◆ Task to complete:
The whole listing is to be restated word for word with no images.

◆ Supplied material:
##############################

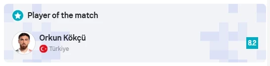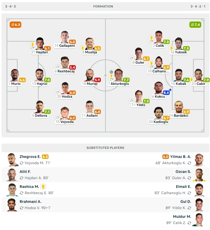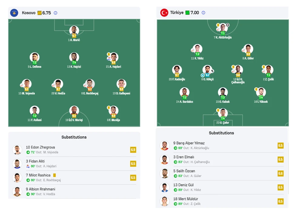 Prej zëvendësuesve, Edon Zhegrova u vlerësua me 6.9, kurse Fidan Aliti e Milot Rashica me 6.5. Orkun Kokçu i Turqisë mori notën më të lartë – 8.2.
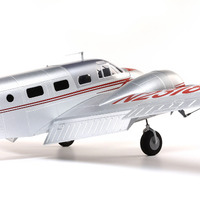The E-flite® Beechcraft D18 1.5m is the best, most convenient, and easiest-to-fly scale model of one of general aviation's most unique and recognizable aircraft! Its twin brushless power system with specially tuned motors delivers an abundance of thrust when using a 3S LiPo battery. For more speed and vertical performance, just install a 4S pack. No modifications or upgrades are needed! It's also equipped with an exclusive 40-amp Spektrum™ Avian™ Dual Smart ESC that can provide a variety of real-time power system telemetry data with Smart and non-Smart batteries via compatible receivers (including the AR631 installed in the BNF® Basic version) and Spektrum AirWare™ equipped transmitters. The BNF® Basic version is also the only Twin Beech model equipped with AS3X® and optional-use SAFE® Select technologies to make this the easiest to fly D18 yet! Factory-finished in a classic trim scheme, the lightweight yet durable, composite-reinforced and fully-molded EPO airframe features an abundance of scale detail — molded-in panel lines and hatches, antennas, exhaust stacks, a clear cockpit, and more. Included functional flaps, twin rudders, and LED navigation lights take your experience to another level. Factory-installed electric retracts with durable metal components allow you to fly from a wide variety of surfaces including paved runways, packed dirt, and even grass. The unique 3-piece wing design makes transport and storage as convenient as possible because the center section includes the main gear and all of the sections feature innovative hands-free connections. And because no glue is required for final assembly, you can have the Beechcraft D18 1.5m ready to fly in less time than it takes to charge a battery!
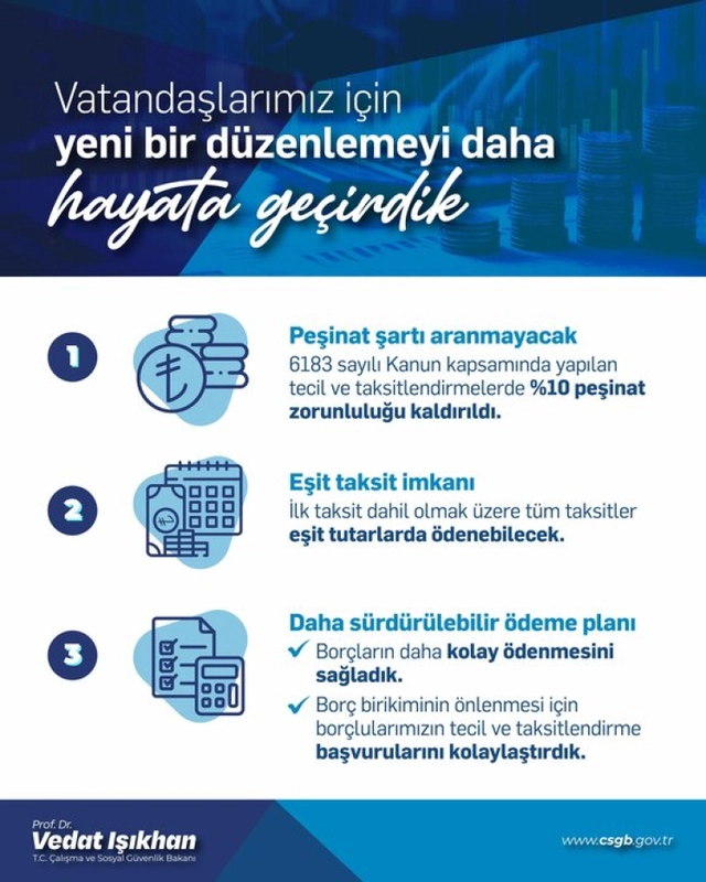 ANKARA (İGFA) - Çalışma ve Sosyal Güvenlik Bakanı Prof. Dr. Vedat Işıkhan'ın paylaşımına göre, SGK prim borçlarında tecil ve taksitlendirme işlemlerinde artık yüzde 10 peşinat şartı uygulanmayacak.
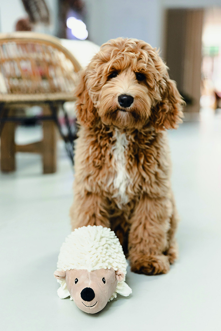 Heerlijk zachte hondenknuffel in de vorm van een egel, om mee te spelen of tegenaan te kruipen. Gemaakt van gerecycled materiaal. Geluidloos.

##############################

◆ Expected output:
 Prej zëvendësuesve, Edon Zhegrova u vlerësua me 6.9, kurse Fidan Aliti e Milot Rashica me 6.5. Orkun Kokçu i Turqisë mori notën më të lartë – 8.2.
The E-flite® Beechcraft D18 1.5m is the best, most convenient, and easiest-to-fly scale model of one of general aviation's most unique and recognizable aircraft! Its twin brushless power system with specially tuned motors delivers an abundance of thrust when using a 3S LiPo battery. For more speed and vertical performance, just install a 4S pack. No modifications or upgrades are needed! It's also equipped with an exclusive 40-amp Spektrum™ Avian™ Dual Smart ESC that can provide a variety of real-time power system telemetry data with Smart and non-Smart batteries via compatible receivers (including the AR631 installed in the BNF® Basic version) and Spektrum AirWare™ equipped transmitters. The BNF® Basic version is also the only Twin Beech model equipped with AS3X® and optional-use SAFE® Select technologies to make this the easiest to fly D18 yet! Factory-finished in a classic trim scheme, the lightweight yet durable, composite-reinforced and fully-molded EPO airframe features an abundance of scale detail — molded-in panel lines and hatches, antennas, exhaust stacks, a clear cockpit, and more. Included functional flaps, twin rudders, and LED navigation lights take your experience to another level. Factory-installed electric retracts with durable metal components allow you to fly from a wide variety of surfaces including paved runways, packed dirt, and even grass. The unique 3-piece wing design makes transport and storage as convenient as possible because the center section includes the main gear and all of the sections feature innovative hands-free connections. And because no glue is required for final assembly, you can have the Beechcraft D18 1.5m ready to fly in less time than it takes to charge a battery!
 ANKARA (İGFA) - Çalışma ve Sosyal Güvenlik Bakanı Prof. Dr. Vedat Işıkhan'ın paylaşımına göre, SGK prim borçlarında tecil ve taksitlendirme işlemlerinde artık yüzde 10 peşinat şartı uygulanmayacak.
 Heerlijk zachte hondenknuffel in de vorm van een egel, om mee te spelen of tegenaan te kruipen. Gemaakt van gerecycled materiaal. Geluidloos.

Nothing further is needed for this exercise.